For decades researchers have studied various aspects of the technology transfer and commercialization process in universities in hopes of discovering effective methods for enabling more research to leave the university as technologies that benefit society. However, this effort has fallen short, as only a very small percentage of applied research finds its way to the marketplace through licenses to large companies or to new ventures. Furthermore, the reasons for this failure have yet to be completely explained.
In some respects, this appears to be an ontological problem. In their effort to understand the phenomenon of university commercialization, researchers tend to reduce the process into its component parts and study each part in isolation. The result is conclusions that ignore a host of variables that interact with the part being studied and frameworks that describe a linear process from invention to market rather than a complex system. To understand how individuals in the technology commercialization system make strategic choices around outcomes, studies have been successful in identifying some units of analysis (the tech transfer office, the laboratory, the investment community, the entrepreneurship community); but they have been less effective at integrating the commercialization process, contexts, behaviors, and potential outcomes to explain the forces and reciprocal interactions that might alter those outcomes.

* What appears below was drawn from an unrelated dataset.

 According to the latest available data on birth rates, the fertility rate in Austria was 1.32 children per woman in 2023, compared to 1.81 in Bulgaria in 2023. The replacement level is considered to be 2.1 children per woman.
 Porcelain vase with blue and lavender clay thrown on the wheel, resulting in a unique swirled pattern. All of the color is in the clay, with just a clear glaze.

The technology commercialization process that leads to new technology products and entrepreneurial ventures needs to be viewed as a complex adaptive system that operates under conditions of risk and uncertainty with nonlinear inputs and outputs such that the system is in a constant state of change and reorganization. There is no overall project manager managing tasks and relationships; therefore, the individuals in the system act independently and codependently. No single individual is aware of what is going on in any other part of the system at any point in time, and each individual has a different agenda with different metrics on which their performance is judged. What this means is that a small number of decision makers in the university commercialization system can have a disproportionate impact on the effectiveness and success of the entire system and its research outcomes.

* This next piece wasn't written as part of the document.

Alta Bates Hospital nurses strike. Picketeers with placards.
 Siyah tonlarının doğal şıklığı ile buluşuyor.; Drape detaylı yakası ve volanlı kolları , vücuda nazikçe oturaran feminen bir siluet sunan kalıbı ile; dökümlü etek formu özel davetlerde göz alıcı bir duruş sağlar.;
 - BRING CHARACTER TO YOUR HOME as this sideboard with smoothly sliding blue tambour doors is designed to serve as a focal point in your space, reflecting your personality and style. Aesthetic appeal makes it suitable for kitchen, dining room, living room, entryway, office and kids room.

Critics of reductionist research propose that understanding complex adaptive systems, such as university technology commercialization, requires a different mode of thinking—systems thinking—which looks at the interrelationships and dependencies among all the parts of the system. Combined with real options reasoning, which enables resilience in the system to mitigate uncertainty and improve decision-making, it may hold the key to better understanding the complexity of the university technology commercialization process and why it has not been as effective as it could be.